3. Book jackets! One thing I  noticed is that is that there were very few changes of cover treatment from hardcover to paperback. Only four titles had major revised covers: Ginny Moon, The Long Haul, Pachinko, and Saints for All Occasions.  All but The Long Haul added people to the cover, which generally is a pitch for a more commercial audience. The Pachinko cover is artier than the others and while I liked the hardcover too, that paperback is pretty beautiful. I would have liked to have seen a new cover for The Leavers and maybe The Tea Girl of Hummingbird Lane. I think it's hard to tell that the former is more than a red cover. For the latter, don't laugh, but I would have played up the tea more. So much tea!

Two hardcovers had minimal changes - the same image, but background color change. Lillian Boxfish Takes a Walk went from off-white to light blue, and Anything Is Possible went from dark blue to light blue.  Lesson: who doesn't love light blue? 

I love the way Sing, Unburied, Sing and Hum If You Don't Know the Words look together. I'm sort of shocked that Hum's cover didn't change, but that's not because I don't like it. I do! 

Yes, I'm going to do color wheel stats. Here is the dominant color of each book on the list. 
red - two
blue - twelve
yellow - zero
green - two
orange - two
purple - zero
black - two, including Manhattan Beach, which is debatable
white - four (three of which are nonfiction)

Some might say the aqua tone popular for comic novels is more green than blue, but to my thinking, these titles are all screaming, "Please don't call me green."

4. I am really fixated on the idea of reading books in pairs, and I was kind of taken by how many books read well together. Either the books can be read in succession, or one of them can be assigned as extra credit, so to speak. For our In-Store Lit Group, I paired The Tea Girl of Hummingbird Lane with Jenny Zhang's Sour Heart (not on the list) for two contemporary takes on being Chinese American.

The walking books - Pair Lillian Boxfish Takes a Walk with Flaneuse. Author Rooney is a student of flâneurs and flâneuses.
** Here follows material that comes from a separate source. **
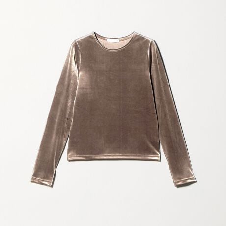 ベロアの素材感を活かしたミニマルな長袖Tシャツ。
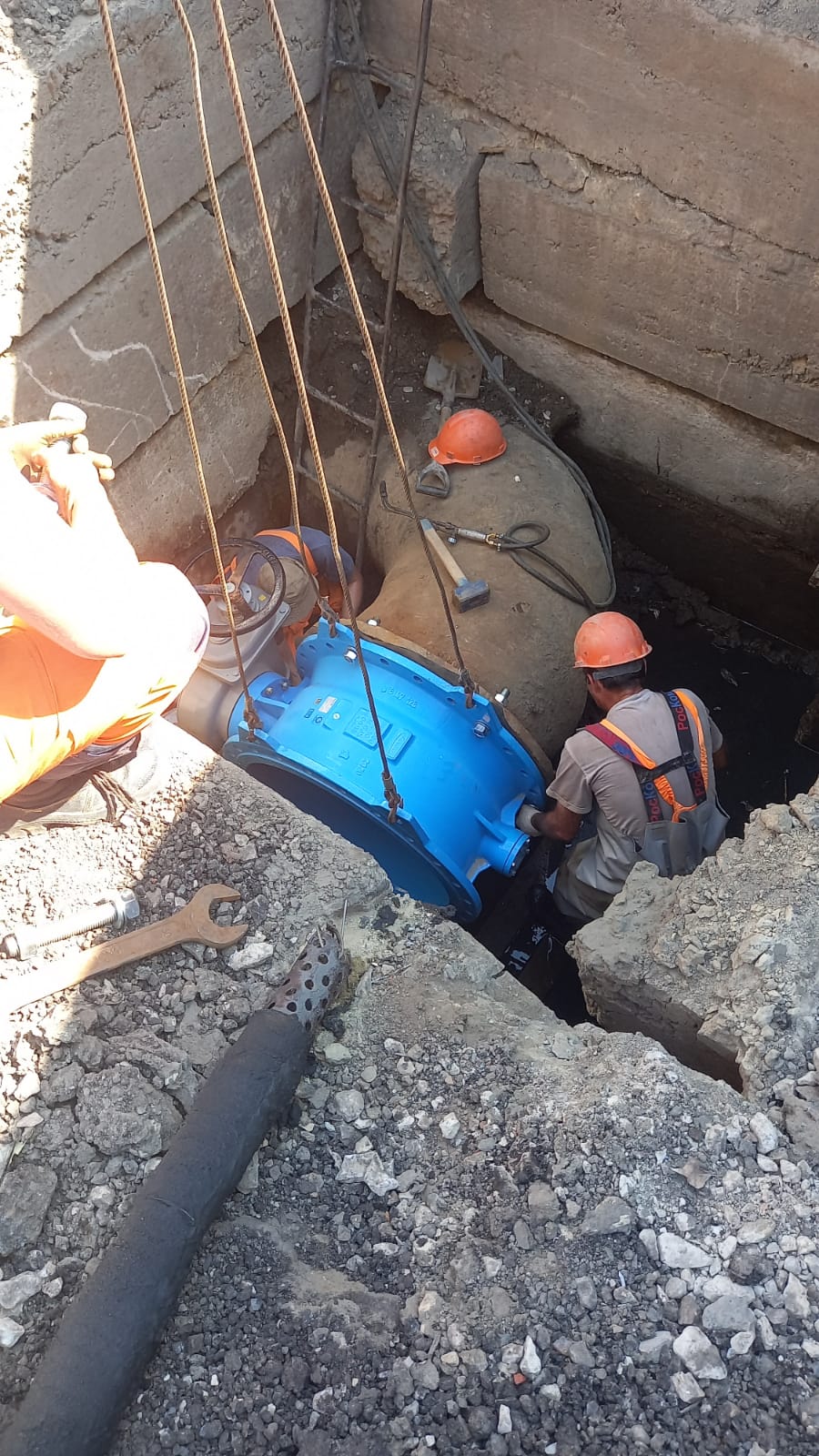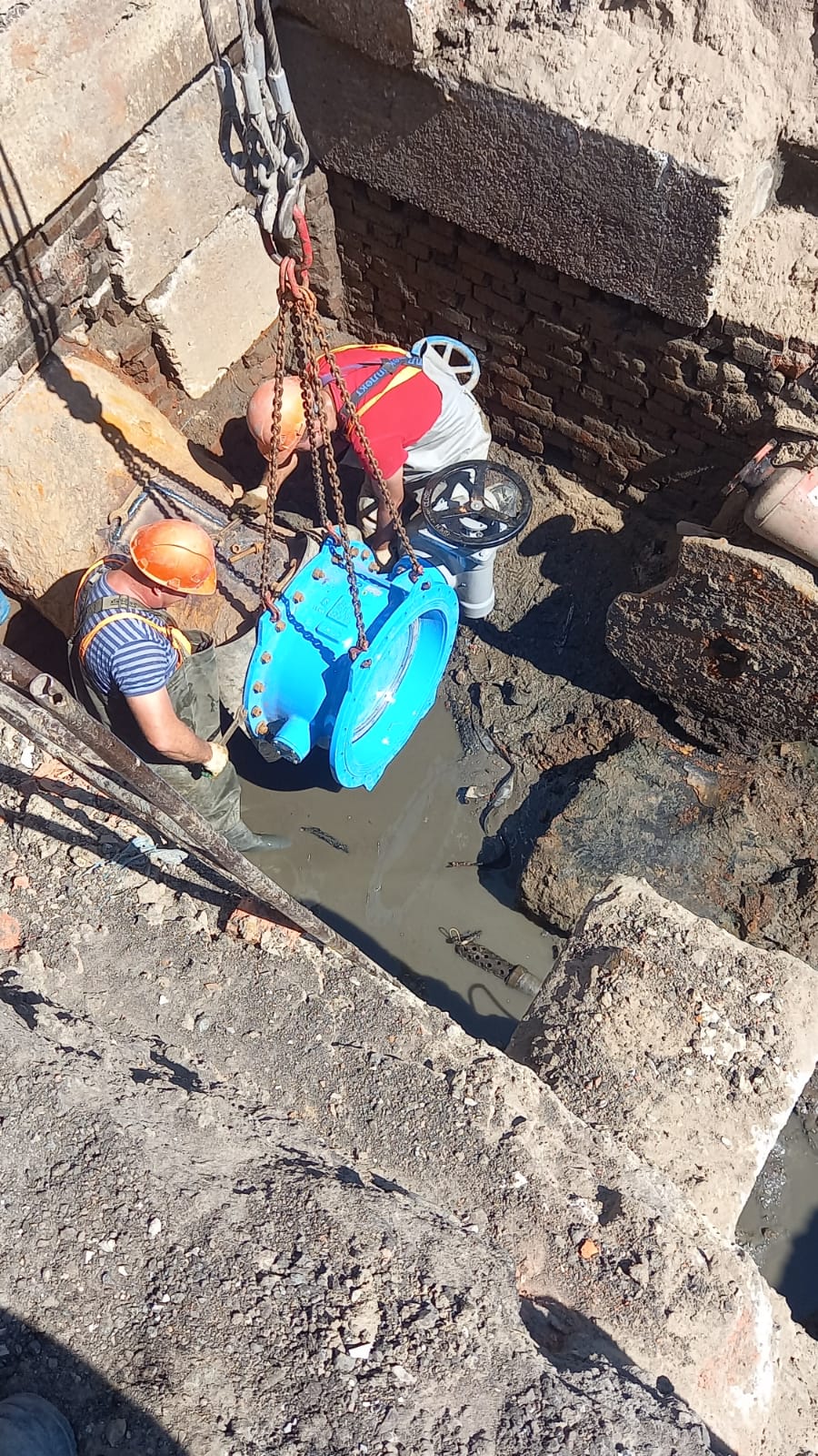На текущий момент по адресам 5-й Товарный пр./ул. Б. Садовая, Б. Садовая/ул. Соколовая заменены 2 запорных арматуры d150 мм и d200 мм. На станции второго подъема смонтирована сбросная задвижка d150 мм, установлен новый затвор d1000 мм, ведутся сварочные работы. На водоводе по ул. Б.Садовая/ул. Вольская установлены новые затворы d600 мм, выполняются сварочные работы. Также установлен затвор d800 мм, производится монтаж патрубка с фланцем. По адресу: ул. 2-я Садовая, 97а ведутся работы по замене изношенного участка водопровода d800 мм. На ул. 1-я Садовая - Чапаева меняется выпуск d200 мм.

The water books - Manhattan Beach and The Death and Life of the Great Lakes are two books fixated on water

The gutting of the middle class books - Janesville, Anything Is Possible, and The Long Haul are all fixated on the stresses on the middle class.

Adoption novels - The Tea Girl of Hummingbird Lane and The Leavers are both about Chinese children adopted by Americans. For another book that also includes the adoptive parent perspective, add Ginny Moon

Old New York - Pair Lillian Boxfish Takes a Walk with Manhattan Beach.

I've long suggested that folks read Exit West along with The Underground Railroad. Without reading either, I wondered whether The Underground Railroad would pair well with Underground Airlines. Now that I've read both, I stand by the pairing!

5. I was just talking to former Boswell bookseller Jocelyn who told me that comedies are trending in romance, and look at that, a comic novel just won the Pulitzer Prize. I was also thrilled to hear Stephen McCauley featured on Terry Gross's Fresh Air for My Ex-Life. I've been feeling that fiction has been taking a back seat to cable and streaming television, and it was glorious to have a comic novel featured. Maybe what we need is a full year of comic fiction - with Less and On Turpentine Lane, we've got you started.

And how many of you noticed that both Greer and Lipman's novels have upside down tropes on their cover. Let's fact it, upside down is funny!

6. Here is a complete list of our summer-fall book club recommendations.

7. Two events book club events with Kathleen Rooney. On Tuesday, June 26, 2 pm, we'll be at the Frank L. Weyenberg Library in Mequon. At 6:30 pm, we'll be joined by librarian Paulette Brooks at the Elm Grove Library. I'll be talking more about these books, and librarians will join in with their picks, followed by a presentation about Lillian Boxfish Takes a Walk.